I thought this was kind of interesting: UC-San Diego was expecting 7,500 students to move into campus housing for the fall quarter, but 1,800 were no-shows. Canceling housing at the last minute I would expect – my son canceled his UC-Davis housing about a week before move-in, 2 weeks before classes began – but just not showing up does surprise me a bit. Not sure if these students are thinking they can just see how things go, and then move in later? Pre-pandemic, there were no doubt a small number of students every year who missed their move-in date for whatever reason, but I’m not sure how the university will handle logistically large numbers wanting to move in mid-quarter, particularly with virus precautions.

Unlike San Diego State, UCSD tested all on-campus students upon arrival (only 10 positives), and will conduct surveillance testing of individuals as well as wastewater testing. One of the things we learned from prior news articles is that the reason San Diego State did not have mandatory testing (until 2 weeks ago) was because they were still awaiting approval for that from the Cal State system! The outbreak at San Diego State is slowing, and now stands at over 1,000 positive students since the semester began in late August, the most of any private or public college/university in California. The county health department has linked at least 7 positive cases of non-SDSU community members to the SDSU outbreak, and the outbreak almost caused the county to fall into the state’s most restrictive tier, which would have required businesses like restaurants to cease indoor operations. Hopefully, UCSD can do better.

On the K-12 front, the reality is sinking in that large public high schools, while technically allowed to reopen under the state’s tier system, in reality have essentially no path to reopening under state guidelines for physical distancing and cohorts. One superintendent was being berated by some of his board members for not having a reopening plan, and his response was basically, “OK, tell me which state guidelines you want me to ignore, and I can come up with a plan, because you know as well as I do that we can’t reopen if we follow all the guidelines.” Elementary schools, both public and private, and smaller middle and high schools, mostly private, are reopening; too soon to say how it’s going.

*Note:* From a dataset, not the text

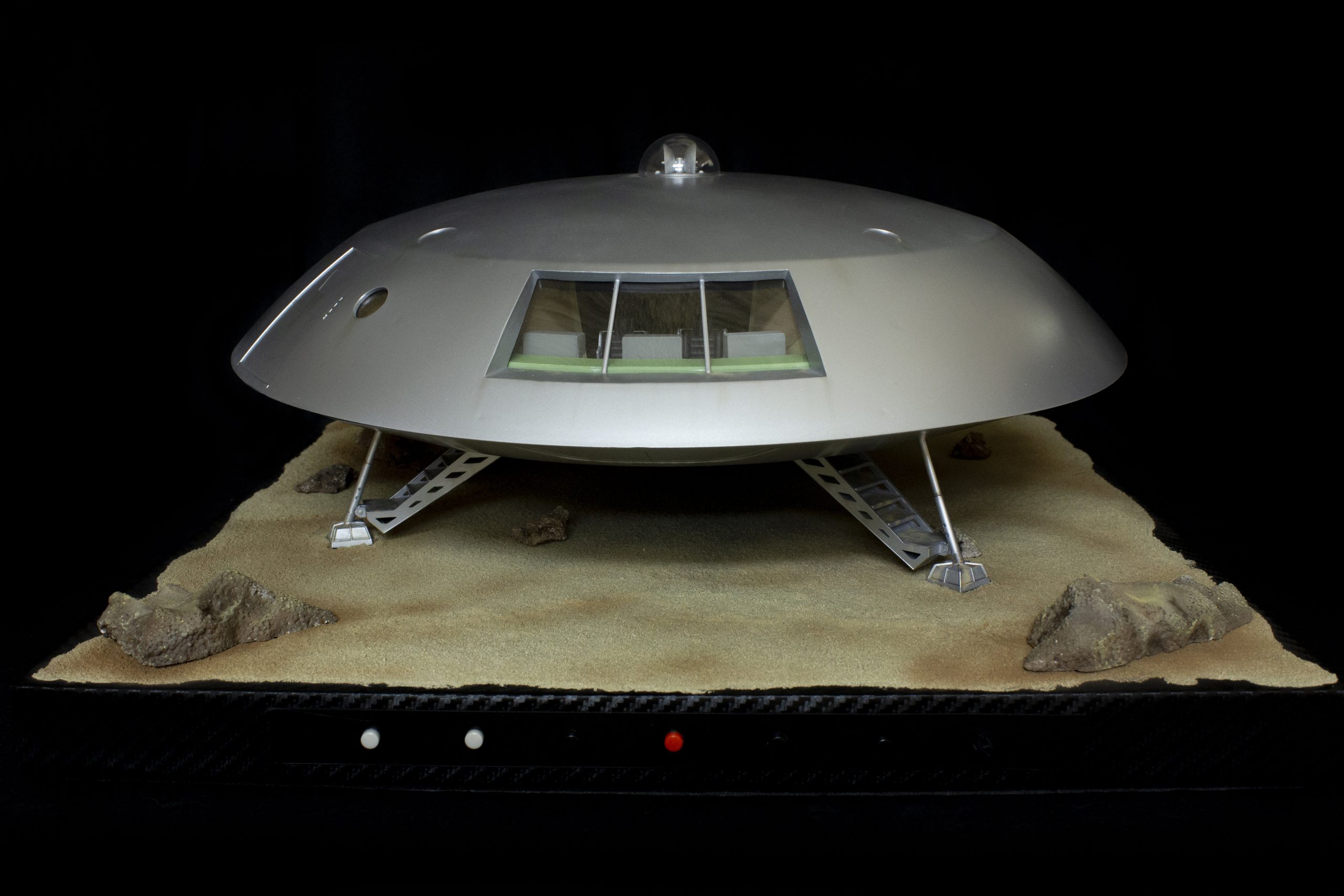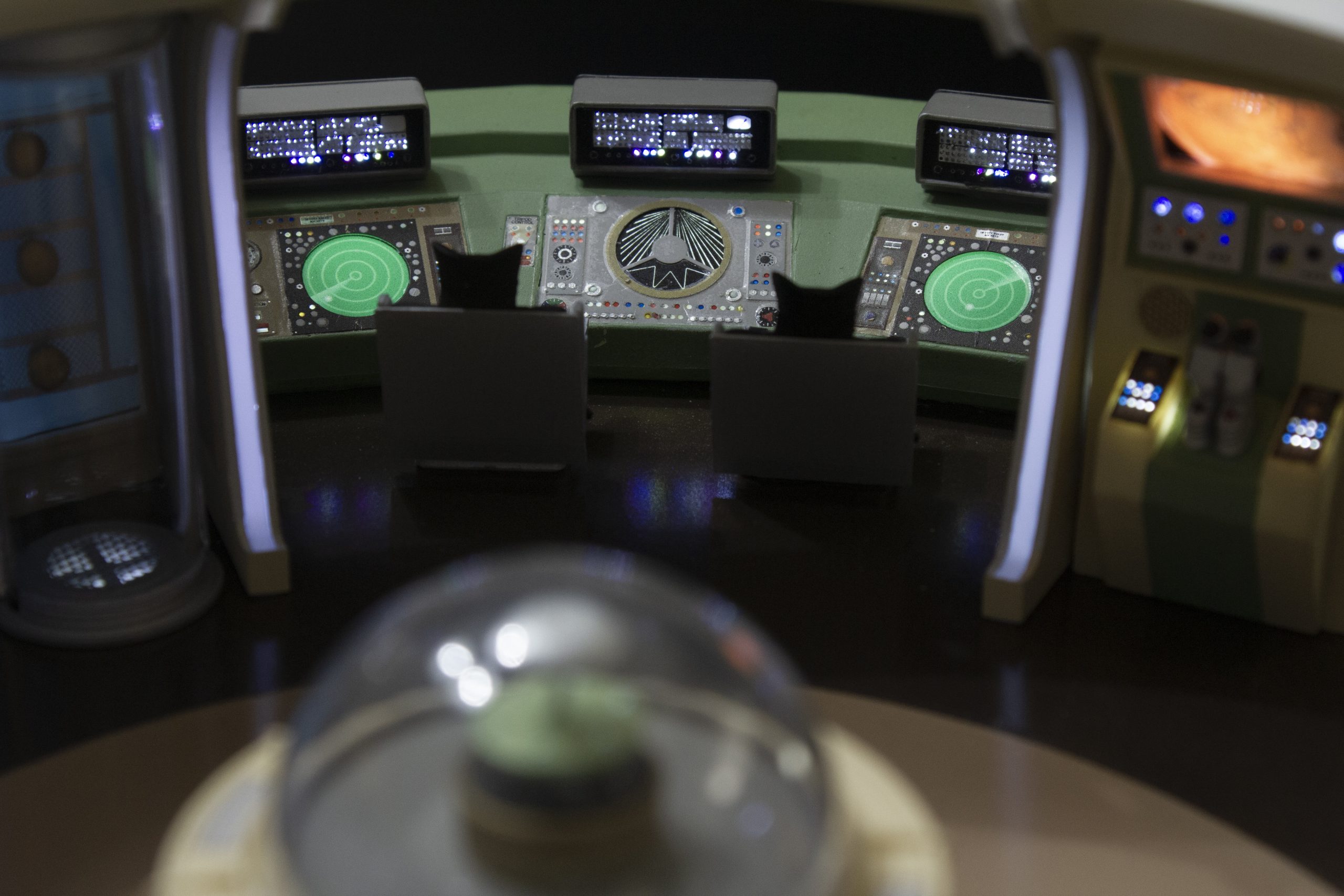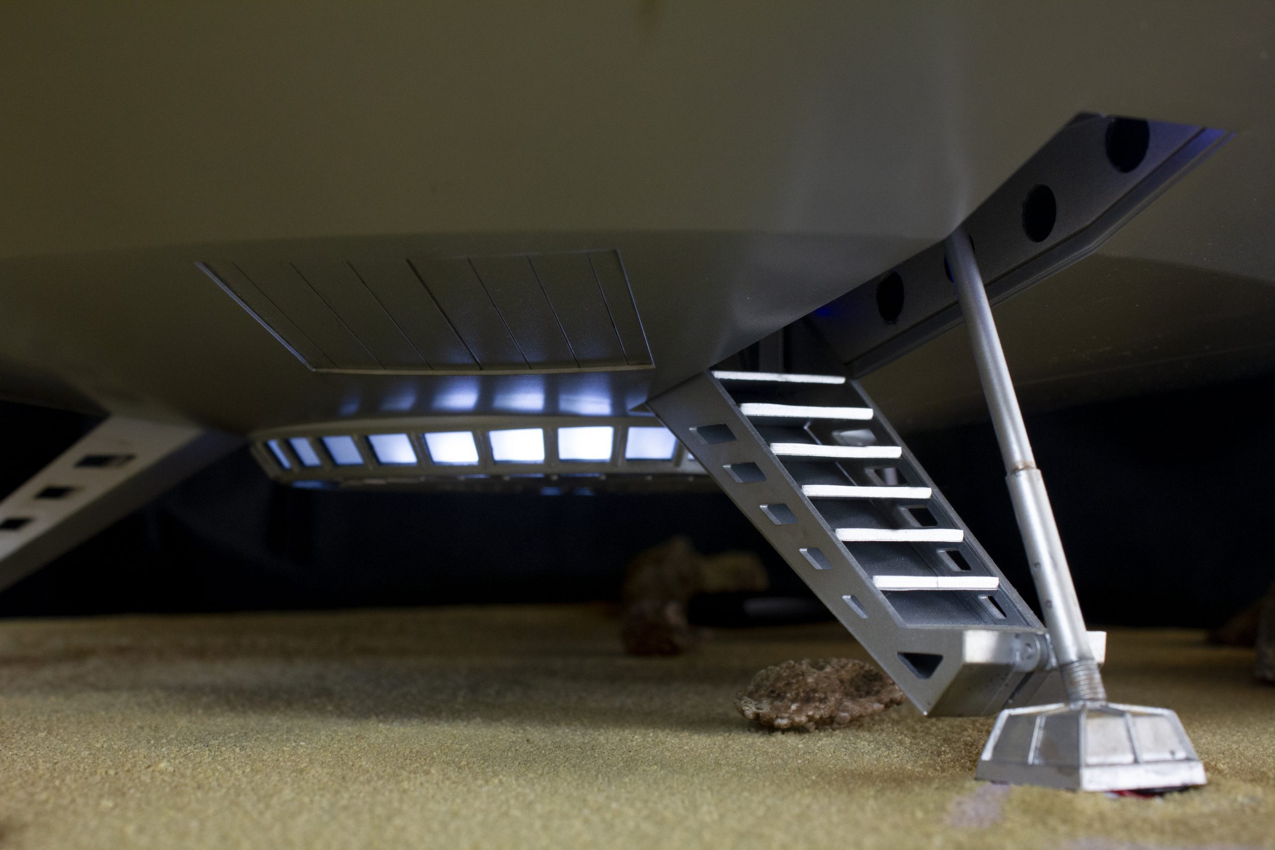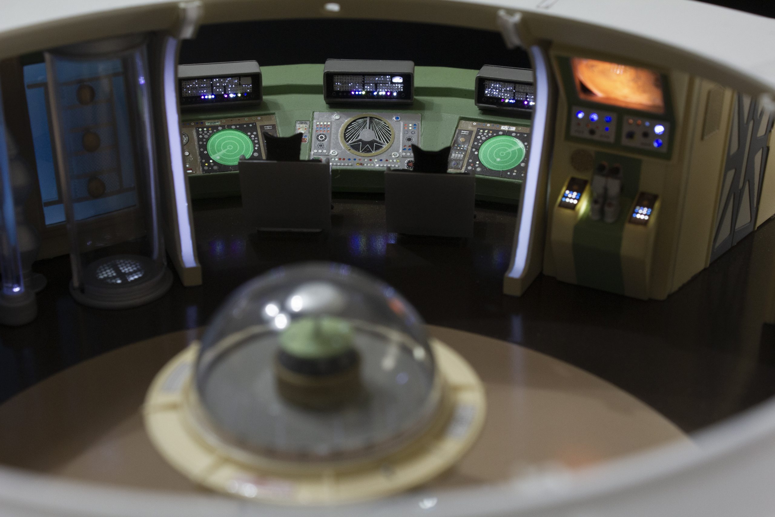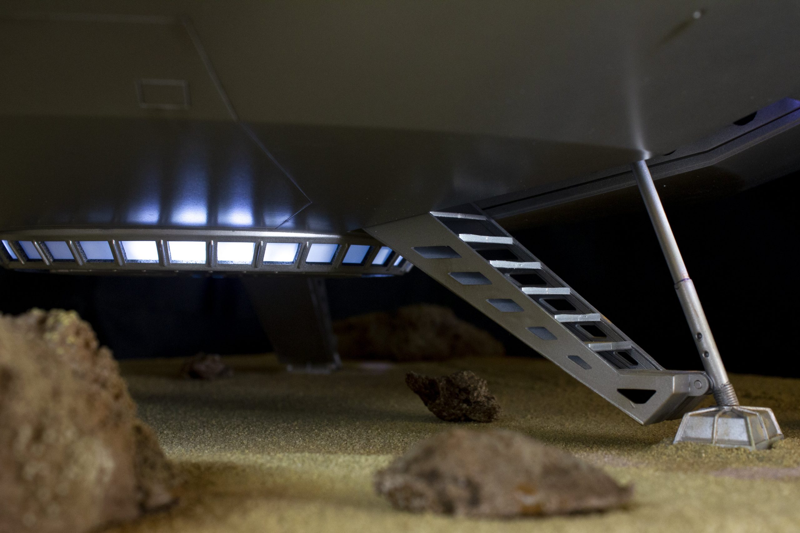 My build of the Moebius Models Jupiter 2 from “Lost In Space”. It took me 6 months to build. I loaded it with over 200 LEDs, 1000 ft of fiber, 2 3v motors, a 5″ round electro-luminescent panel, Arduino Trinket control, sound board and other electronics in the custom built base. This has been the most complex build I’ve done to date. An amazing kit that turned out beautiful after all of the hard work put into it. Gonna be sad to see it leave and go to it’s new home.
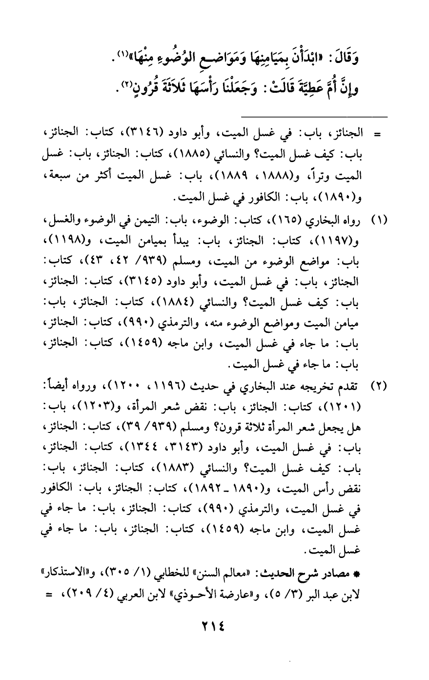 (¬1) رواه البخاري (165)، كتاب: الوضوء، باب: التيمن في الوضوء والغسل، و (1197)، كتاب: الجنائز، باب: يبدأ بميامن الميت، و (1198)، باب: مواضع الوضوء من الميت، ومسلم (939/ 42، 43)، كتاب: الجنائز، باب: في غسل الميت، وأبو داود (3145)، كتاب: الجنائز، باب: كيف غسل الميت؟ والنسائي (1884)، كتاب: الجنائز، باب: ميامن الميت ومواضع الوضوء منه، والترمذي (990)، كتاب: الجنائز، باب: ما جاء في غسل الميت، وابن ماجه (1459)، كتاب: الجنائز، باب: ما جاء في غسل الميت.

https://www.sandiegouniontribune.com/news/education/story/2020-09-30/uc-san-diego-students-covid-19-tests

It might be mostly good info (wrong about on-campus living though) but sorry, that graphic is not a good infographic… A pie chart where the slices add up to 1000% and where each slice is a bar chart is not a good chart. Just put the information in a table!

Even if you just consider four year colleges, still it’s not true that 46% of students live on campus.

Sometimes the differences are in the definition on and off campus housing. For example, some schools can control much of the off-campus housing options, handling registration, and directly billing the rent charges. Some sources AFAIK count that as on-campus housing.

What @ProfSD said regarding Hamilton. My son is a junior there, and although he’s missing the frat parties, he’s very happy to be on campus. He also has 3 out of his 4 classes F2F. The rowing team is practicing (not on the water). Even if COVID weren’t a thing, I don’t this he’d have much time for parties this year, anyway. His two econ classes are kicking his butt, his history and anthropology classes require a tremendous amount of reading and writing, and he’s applying like crazy for internships for next summer. He’s in a quad, by the way.